Los perdedores son los tenedores de acciones sensibles a las tasas, especialmente en el sector tecnológico. Si el conflicto se prolonga, la incertidumbre sobre el liderazgo de la Fed se convierte en un lastre independiente para el mercado. UBS ya advierte que los temores por la independencia del banco central podrían desplazar la política hacia una dirección más agresiva —un giro irónico para Trump, que quiere recortes.

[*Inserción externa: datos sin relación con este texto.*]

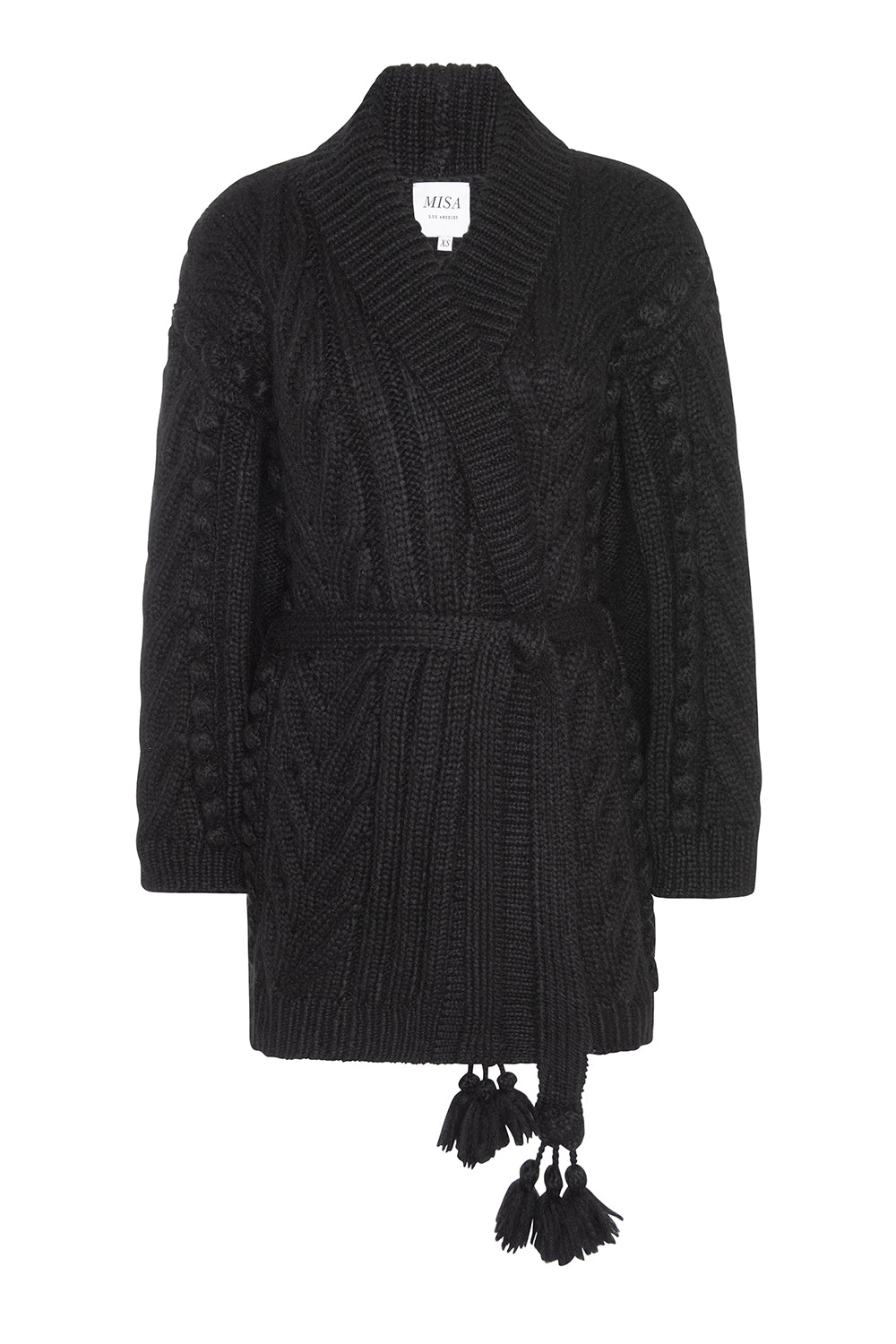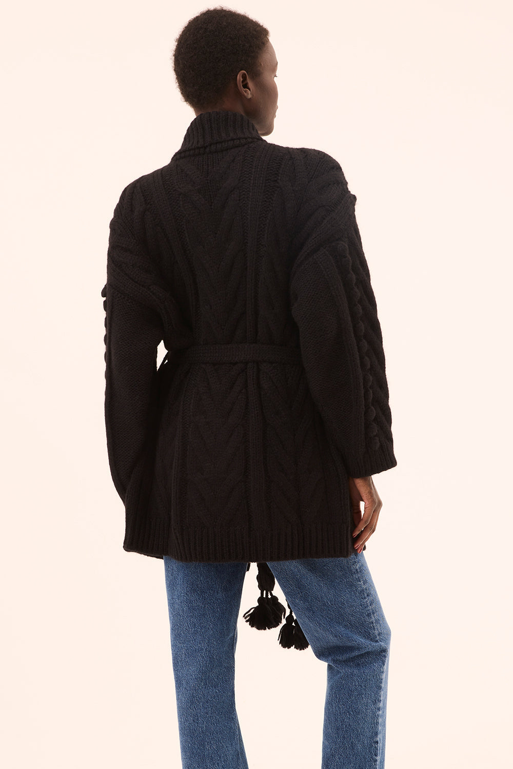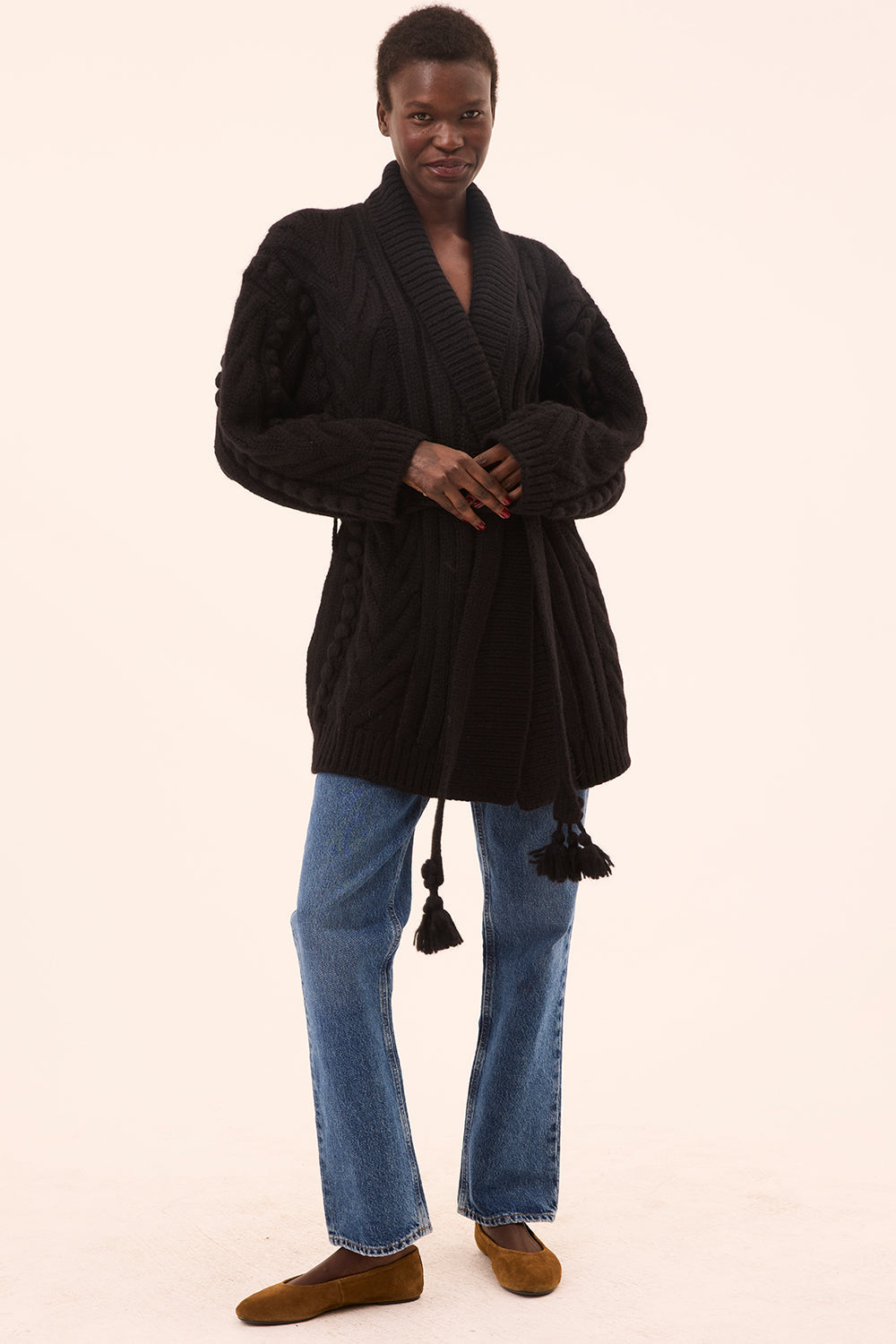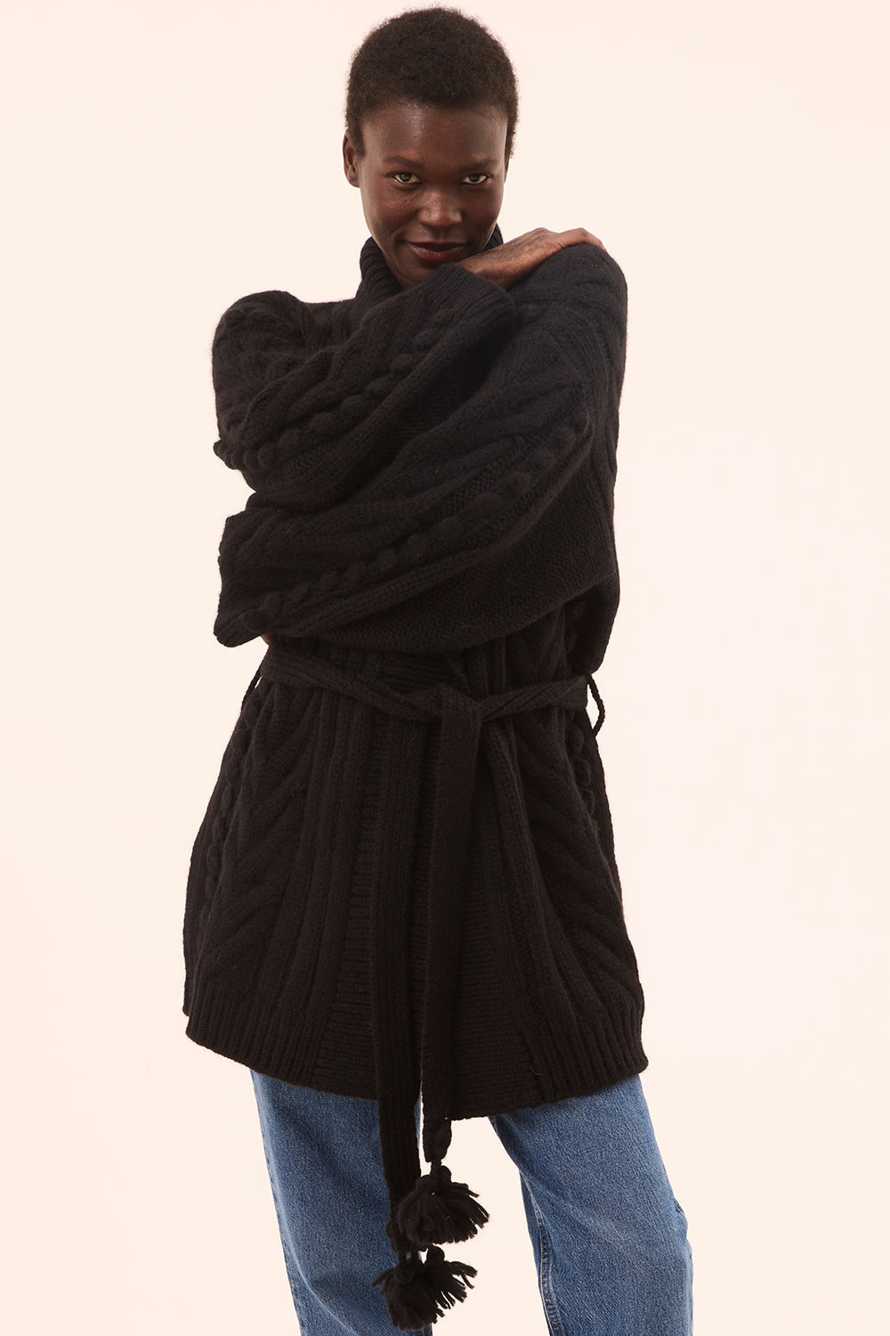 Crafted from the softest alpaca wool, the Dalila cardigan is a timeless wardrobe staple. Its relaxed silhouette is perfect for layering, with an open front, ribbed shawl collar, cuffs, and hem. Featuring a chunky cable knit with pom-pom details and an optional self-tie belt, this piece adds cozy charm to any outfit.

Cuatro semanas que determinarán el rumbo del dólar

Lo que está en juego es extremadamente concreto. Powell ocupa la presidencia interina. Bowman y Miran sostienen el cronómetro. Warsh espera la juramentación. Y todos saben: los próximos 30 días determinarán si la Fed mantiene un equilibrio de poder entre los designados presidenciales y los defensores de la independencia.

Si Bowman y Miran logran imponer el límite de un mes —Powell dejará el cargo interino a mediados de junio, Warsh se unirá a la junta y comenzará a construir control sobre la agenda. Si la junta vota para extender —Powell permanecerá al timón indefinidamente, y Warsh será un presidente sin control total sobre la Junta de Gobernadores. Una división en el poder de la Fed se volverá crónica.

Mientras tanto, Trump continúa presionando a través de Miran —el único miembro del FOMC que votó por un recorte de tasas en cada una de las últimas reuniones. Pero el mandato de Miran ha expirado, y el Senado no lo confirmará para un mandato completo. Es un pato cojo con un calendario menguante. Cada día hasta que Warsh sea confirmado como su reemplazo es un día en que Trump pierde un voto en el comité.

El escenario más difícil: Powell permanece en la junta hasta 2028, Warsh preside pero debe negociar cada decisión con un bloque de cuatro gobernadores no leales a la Casa Blanca. El FOMC se divide en facciones. La comunicación con el mercado se vuelve contradictoria. El dólar obtiene una "prima de caos" crónica —y Trump obtiene exactamente lo contrario de lo que quería: las tasas no bajan porque nadie quiere parecer motivado políticamente.

La ironía de este mayo es simple. El presidente pasó años tratando de doblegar a la Fed a su voluntad. Pero el hombre que él mismo designó en 2018 construyó un sistema de defensa tal que incluso después de dejar la presidencia, se quedó en el edificio. Y ahora dos designados por Trump intentan mostrarle la puerta con un cronómetro en la mano. Cuando el contador llegue a cero, sabremos quién controla realmente el dólar.